Kâbe’nin tûfan vakti Semâ’ya yükseltilmesi, NÛH zamanında heva ve cehâlet tûfanının baskın gelmesinden dolayı insanların kalp makâmından perdelenmelerine işârettir. Kâbe’deki iki kapıdan birinin kapatılması, İbrâhim (as.)’ın kalp makamından rûh/sır makamına yükselmesidir. İbrâhim(as.) TEVHİD’in babasıdır. Hacer’ül Esved (karataş), rûha işarettir. Dağın yarılması rûhun bedenle örtülmesidir. Hacer’ül Esved’in kararması, nefsâni kuvvetlerin kalbe galip gelip istilâ etmesi ve kalbin rûh cihetindeki nûrani yüzünü karartması demektir.

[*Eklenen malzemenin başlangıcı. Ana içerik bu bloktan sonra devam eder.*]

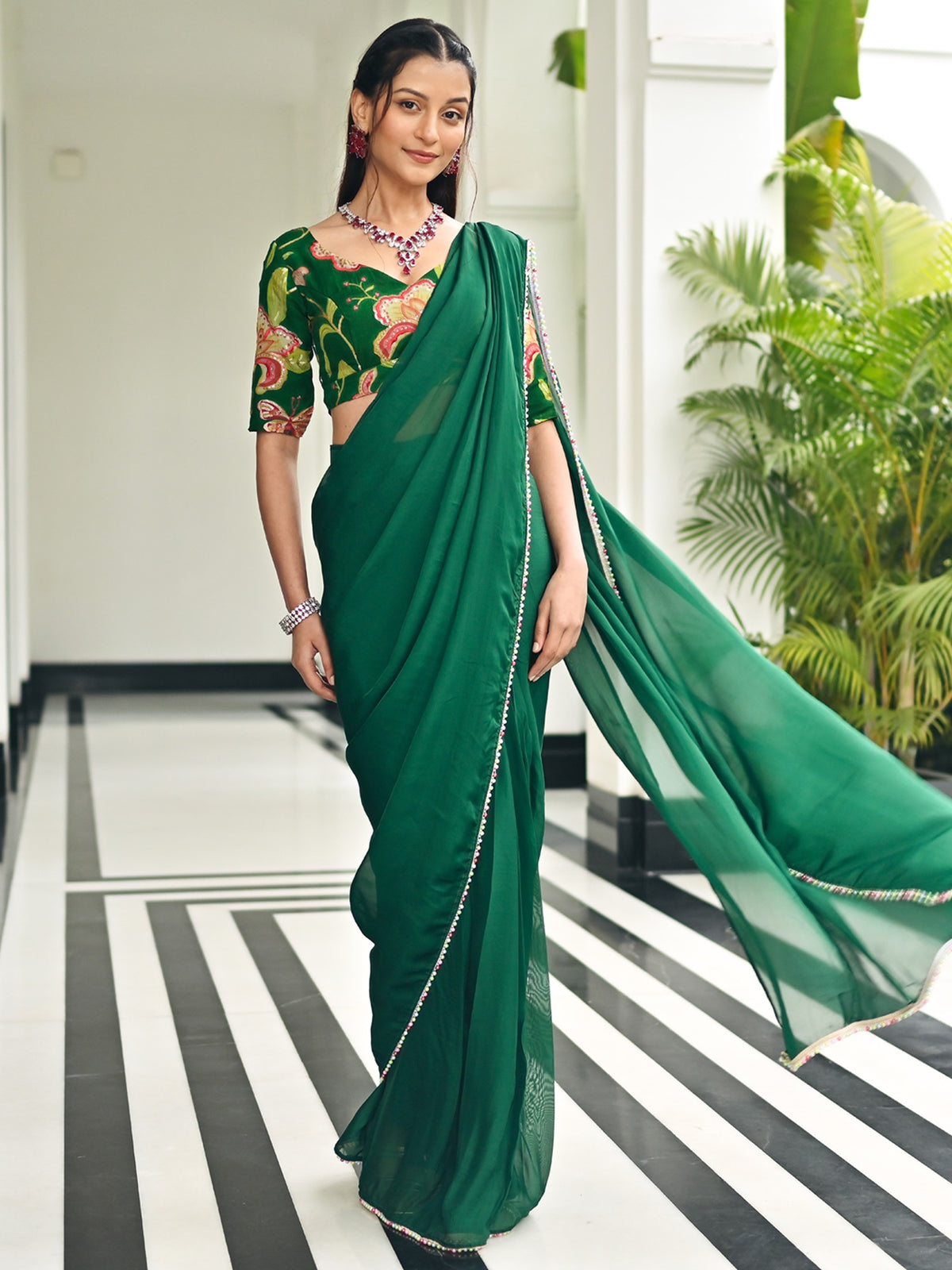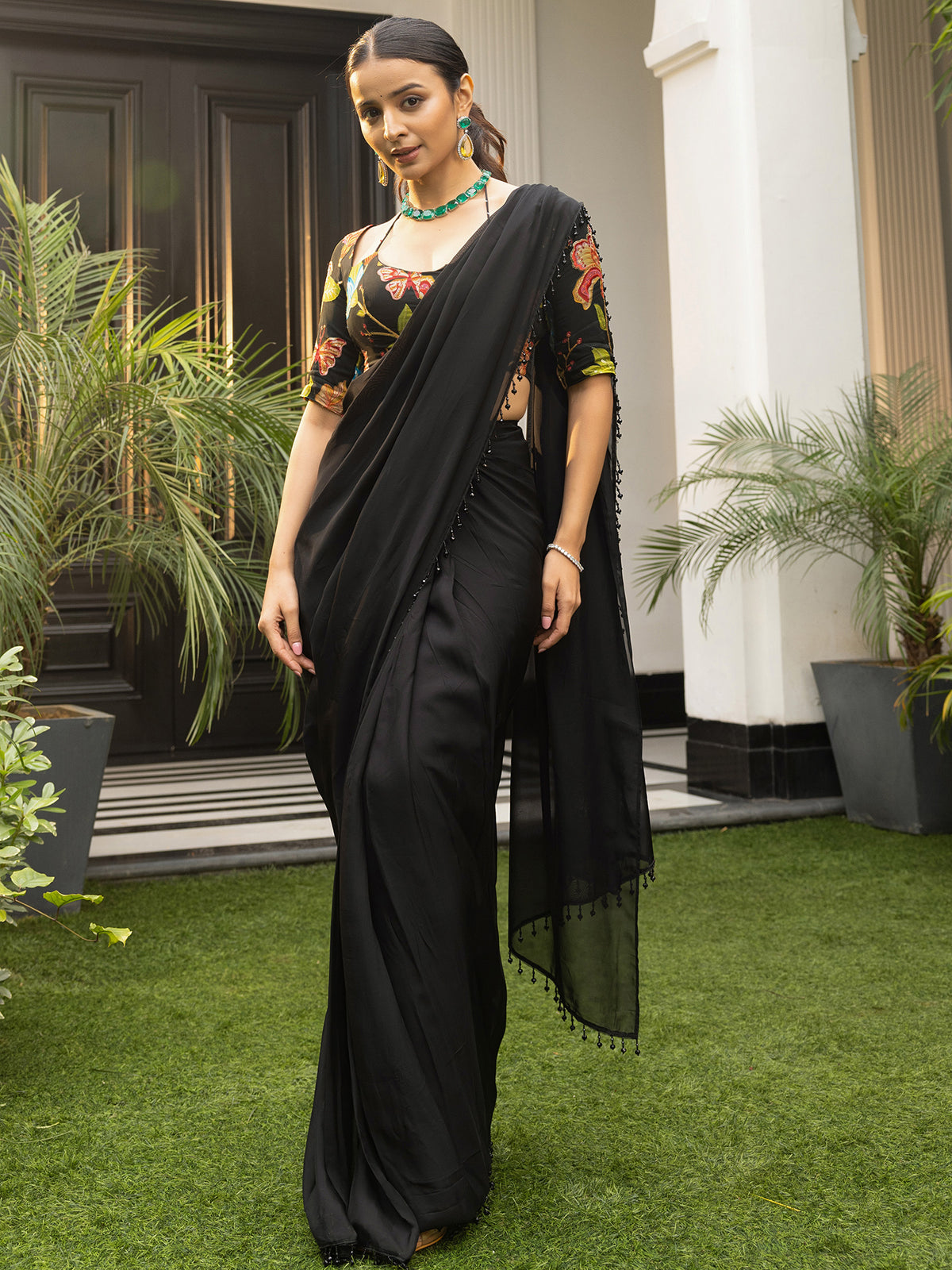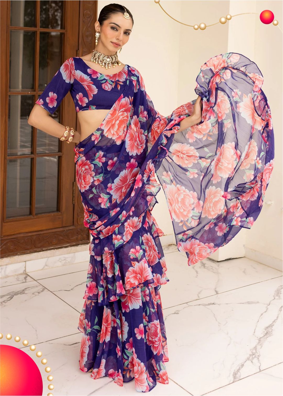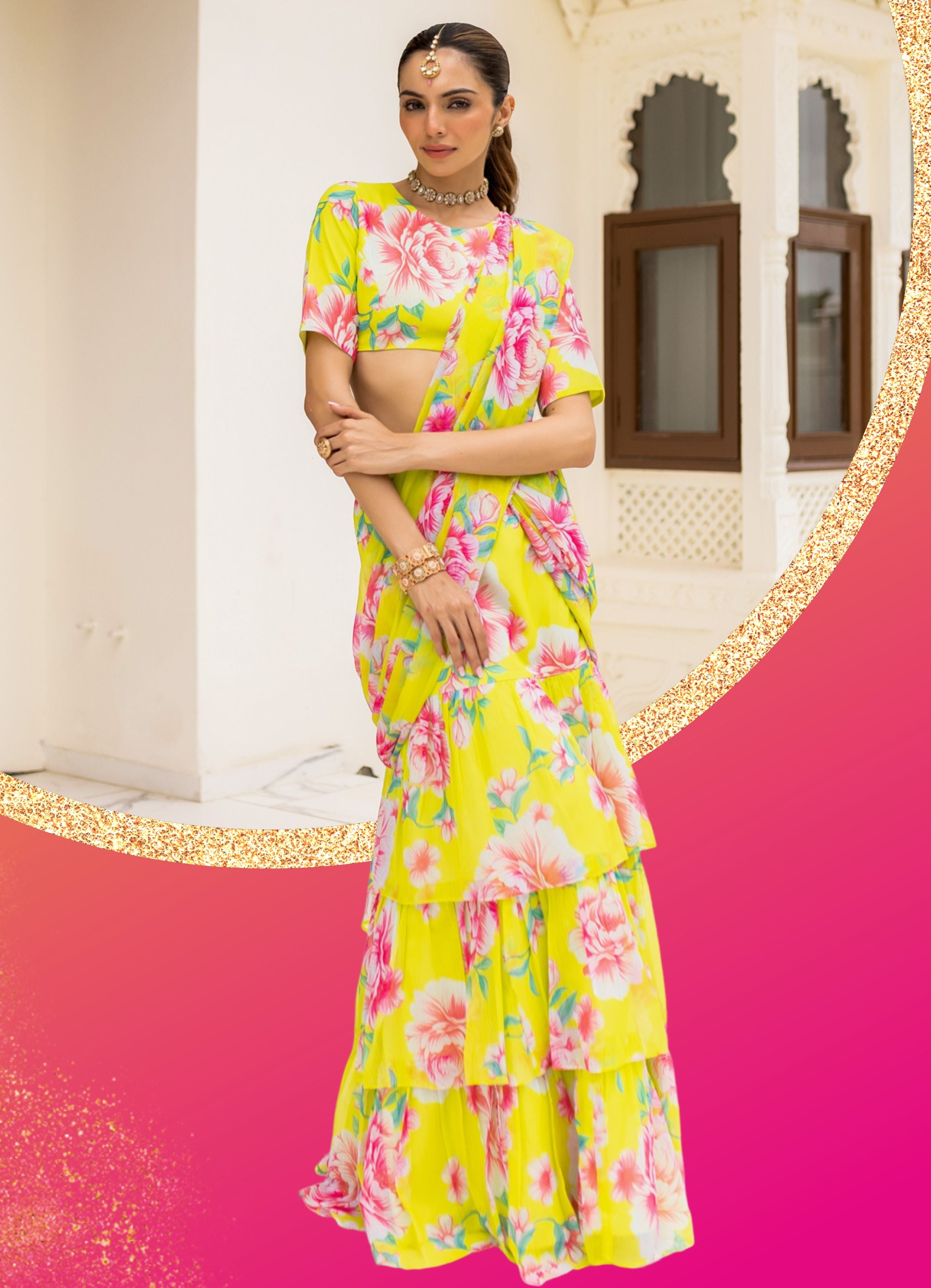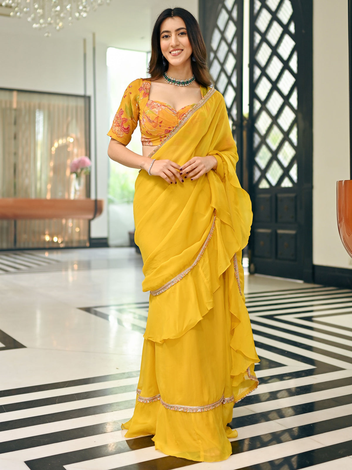 We present you timeless styles in sarees crafted in a wide range of colors, silhouettes, prints, and patterns. Our fabrics blend grace and sophistication in a perfect style. You can wear our sarees to weddings, social gathering, festivals, evening party, or special events. We offer different styles in sarees: ruffled, pleated, draped, ready to wear, sharara, and pre-draped. Browse our designer sarees collection and buy your favorite one.

Allah, ilâhi bir sır nedeniyle, Ev’ine dört rükün yerleştirmiştir. Kâbe altıgen olduğu için, gerçekte bunlar üç rükündür. Üç rükünden birincisi ‘’Hak kaynaklı’’ (Hacer’ül Esved, Hz. Muhammed), ikincisi ‘’Melek kaynaklı’’ (Yemen, Hz. Îsâ), üçüncüsü ‘’Nefis kaynaklı’’ (Şam, Hz. Âdem) düşüncedir. Nebilerin kalpleri de böyledir. Tıpkı Kâbe’nin şekli gibi üçgen şeklindedir. Müminlerin kalpleri ile Peygamber-Nebilerin dışındaki korunmuş kimselerin kalpleri ise dörtgen şeklindedir. Buradaki dördüncü rükün ‘’Şeytan kaynaklı’’ (Irak, Hz. İbrâhim) düşüncedir. Bu nedenle bu rükne gelinince ‘’Bölücülükten, ikiyüzlülükten ve kötü ahlâktan Allah’a sığınırım’’ denilir.